Opinion
2016–01125 Ind.No. 2962/13
11-07-2018
Paul Skip Laisure, New York, N.Y. (Cynthia Colt of counsel), for appellant. Barbara D. Underwood, Attorney General, New York, N.Y. (Lisa Ellen Fleischmann, Travis Hill, and Michelle Maerov of counsel), for respondent.
Paul Skip Laisure, New York, N.Y. (Cynthia Colt of counsel), for appellant.
Barbara D. Underwood, Attorney General, New York, N.Y. (Lisa Ellen Fleischmann, Travis Hill, and Michelle Maerov of counsel), for respondent.
JOHN M. LEVENTHAL, J.P., CHERYL E. CHAMBERS, SANDRA L. SGROI, FRANCESCA E. CONNOLLY, JJ.
DECISION & ORDER
Appeal by the defendant from a judgment of the Supreme Court, Queens County (Barry A. Schwartz, J.), rendered January 22, 2016, convicting her of grand larceny in the second degree (3 counts), offering a false instrument for filing in the first degree (17 counts), falsifying business records in the first degree (5 counts), and forgery in the second degree (4 counts), upon a jury verdict, and imposing sentence.
ORDERED that the judgment is affirmed.
After conducting voir dire of prospective jurors in open court, the Supreme Court, accompanied by a court reporter, invited counsel into chambers—outside of the defendant's presence—to discuss peremptory and for-cause challenges, which were then given effect in open court in the defendant's presence. Contrary to the defendant's contention, the procedure employed by the court did not violate her right to be present during the impaneling of the jury, since the record indicates that the challenges discussed in chambers "were eventually given effect in [the defendant's] presence when challenged jurors were excused and others were sworn in open court" ( People v. Cohen, 201 A.D.2d 494, 495, 607 N.Y.S.2d 374 ; see People v. Velasco, 77 N.Y.2d 469, 473, 568 N.Y.S.2d 721, 570 N.E.2d 1070 ; People v. Brown, 269 A.D.2d 539, 703 N.Y.S.2d 739; People v. Firrira, 258 A.D.2d 666, 685 N.Y.S.2d 787 ; People v. Harris, 212 A.D.2d 631, 632, 624 N.Y.S.2d 838 ; People v. Evans, 207 A.D.2d 500, 615 N.Y.S.2d 914 ; People v. Yonamine, 192 A.D.2d 687, 597 N.Y.S.2d 102 ).

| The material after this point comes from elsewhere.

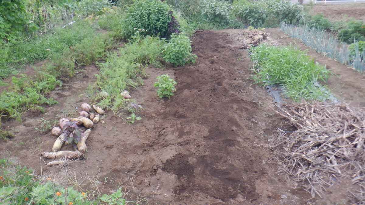 そこで まずは引き抜いたイチゴの植え付け場所を作ることにし

The defendant's contention that she was deprived of a fair trial by the admission of evidence of prior bad acts is unpreserved for appellate review (see CPL 470.05[2] ; People v. Wallace, 123 A.D.3d 1151, 1151, 997 N.Y.S.2d 756 ) and, in any event, without merit (see People v. Cass, 18 N.Y.3d 553, 560, 942 N.Y.S.2d 416, 965 N.E.2d 918 ; People v. Alvino, 71 N.Y.2d 233, 241–42, 525 N.Y.S.2d 7, 519 N.E.2d 808 ).The defendant's remaining contention is without merit.
LEVENTHAL, J.P., CHAMBERS, SGROI and CONNOLLY, JJ., concur.